Rear Adm. Wayne Arguin, a career Coast Guard officer leading the U.S. delegation, told the closed-door session that a coalition of nations now stands firmly against the so-called Net-Zero Framework, making its adoption impossible under current conditions.
“We can say at this point there is a clear, strong and sizable bloc of countries opposed to the NZF and no prospect of achieving consensus around that proposal,” Arguin said, according to a meeting participant who was granted anonymity to describe the private discussions. The remarks came just days before the IMO’s Marine Environment Protection Committee is set to convene in London on Monday for its first session since the United States successfully delayed a vote on the framework last October.
The Net-Zero Framework, which includes a proposed carbon tax on ships and a sustainable fuel standard, was designed to help the maritime industry meet a 2023 IMO commitment to eliminate carbon emissions by 2050. The initiative has become a primary target of the Trump administration, which has worked to dismantle international climate cooperation. Since delaying the vote last fall, Washington has circulated a diplomatic cable urging other nations to reject the carbon tax and has pushed to weaken proposed penalties on liquefied natural gas as a shipping fuel.

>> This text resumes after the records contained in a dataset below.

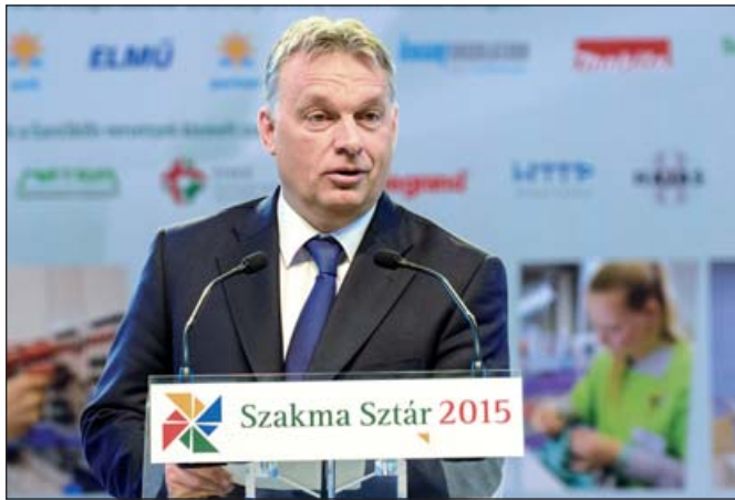
Orbán Viktor a megnyitón

Használható tudást, jövőt kell adni a fiataloknak – hangsúlyozta Orbán Viktor miniszterelnök az idén nyolcadik alkalommal megrendezett Szakma Sztár Fesztivál ünnepélyes megnyitóján. Beszédében kiemelte, hogy a szakmunkástanulók fontosak az ország számára.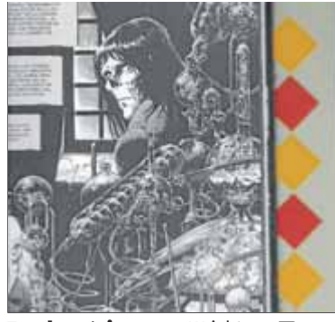
Frankenstein segons Wrightson

Les pors de sempre continuen produint imatges a través del còmic i el llibre il·lustrat, perpetuant els clàssics de Poe, Lovecraft o Shelley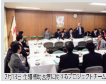
2月13日 生殖補助医療に関するプロジェクトチーム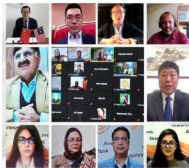
参加国际性学术论坛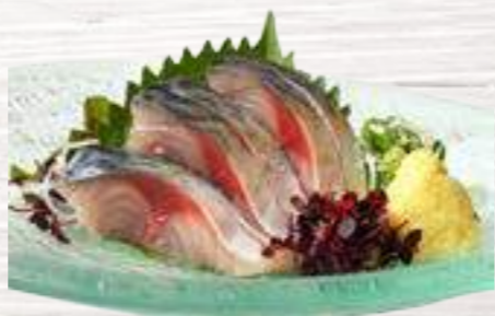
29 Caballa 4,80 €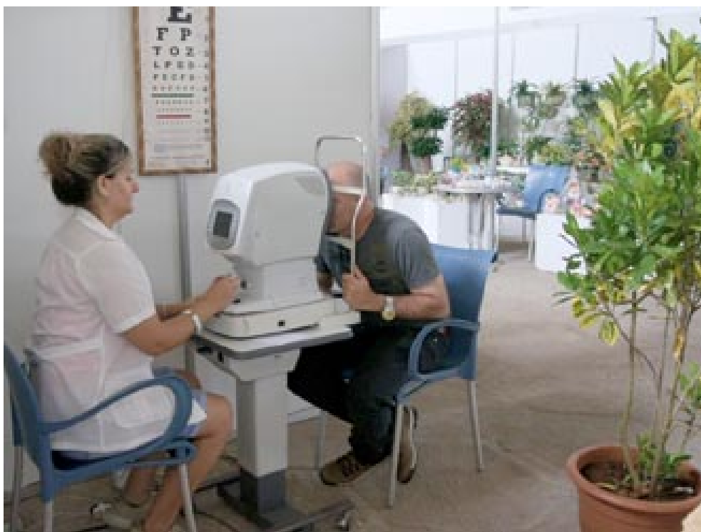
Salud mereció el premio a la popularidad e integralidad. Su entusiasmo, alegría y profesionalidad dan vida a la muestra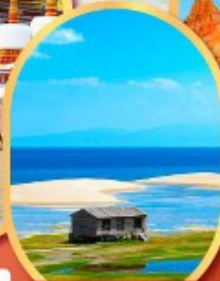
ทะเลสาบชิงไห่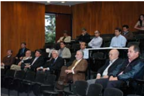
Curso de actualización para peritos valuadores

For many countries, the existing proposal already represented a hard-won compromise after years of negotiations. “The framework, as approved in April 2025, was a carefully designed and curated package,” Michael Mbaru, a maritime expert with Kenya’s climate envoy office, told reporters earlier this month. He warned that removing the carbon tax could cause the entire package to collapse, leaving the shipping industry without a clear path to decarbonization.
Divergent Paths Emerge Ahead of London Talks
In addition to the U.S. statement of opposition, several countries have submitted alternative proposals, including Liberia and Japan. IMO chief Arsenio Dominguez has urged delegates to focus on areas where progress is still possible. Next week’s meetings are expected to address the comments and concerns raised during the October session, though the American position has cast a shadow over those efforts.
The Net-Zero Framework calls for a carbon-intensity standard that would tighten over time, pushing the industry to transition from fossil fuels to lower-emission alternatives. Ships that fail to meet the standard would be required to purchase credits, effectively creating a market-based mechanism to fund the transition. But with the United States leading opposition and a growing bloc of countries following suit, supporters of the measure face an uphill battle to salvage the agreement.
The standoff underscores a broader geopolitical rift over how to address climate change, with the Trump administration seeking to block multilateral efforts while other nations push forward. As delegates prepare to gather in London, the question is not whether the framework will pass next week, but whether it can survive at all.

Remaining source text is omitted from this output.